How does this series, as a whole, or each piece individually, represent the idea, embody, or visualize the essence of identity for you?

This collection of poems (a part of a larger series) is about recapturing Asian American identity as something to be held with pride. We are not a model minority, we have the same amount of flaws as every other culture: hypersexuality, personal vices, selfishness, and displacement. I use the extended metaphor of Koreatown: an area which outsiders see as an ethnic enclave explored only in the hopes of the taste of the exotic. By rewriting Koreatown in its actuality, I rewrite myself as an individual who possesses all the merits and flaws of those around me.

 

In what ways do you think your identity has been shaped by mass media and society?

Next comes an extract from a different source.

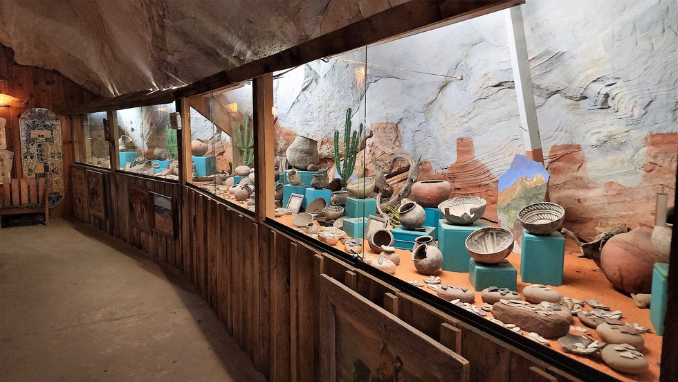 A sandstone cave museum was always in the Chamberlains’ sights as Garth studied geology, archaeology, and paleontology. The exhibits on display are his personal findings after years of studies and collecting. They include more than 1,000 arrowheads, ceremonial points, jugs, pots, bowls, and working tools from the Puebloan Era.

I personally do not find the lack of representation of Asian Americans necessarily a problem in mass media. Rather, I believe mass media has affected me because it creates a face that I am unable ever in my life to attain. But mass media is a paradox because when I go to Korea or other Asian countries, people who look just like me are equally as masculine/feminine empowered just as their western counterparts. Therefore in this way, understanding the perspective of the geographic mass media has been crucial to my own identity formation.

 

Why do you create?

Because no one else will create what I wish to see but me.

 

Who do you create for?

Myself and those who feel wholly at place but simultaneously displaced in their environment.

 

How has your locale informed your identity?

South Los Angeles is a beautiful melting pot where we champion different things than other areas! Whereas outsiders might see service providers and the such as lower than themselves, we hold it to be the role model for one core value: Hard Work. I throw a monthly house show series at Adobe House Records, where I have seen local artists that are beyond the caliber of anything I have seen elsewhere in Los Angeles and in mainstream media. Where I live encourages me daily!

 

Have you been able to find or create a physical community where you live?

Yes! As a musician and poet, I have met many fellow creative in my area that feel as out of touch as I have. South Los Angeles, I believe, is the cultural hub for real jazz, poetry, hip hop because these are the environments that have lead to the art’s conception.

 

How has the Internet expanded or changed your idea of and involvement in community exchanges?

The internet has made it so we can communicate freely. While it may be conducive to negativity, communication is key to empowering ourselves.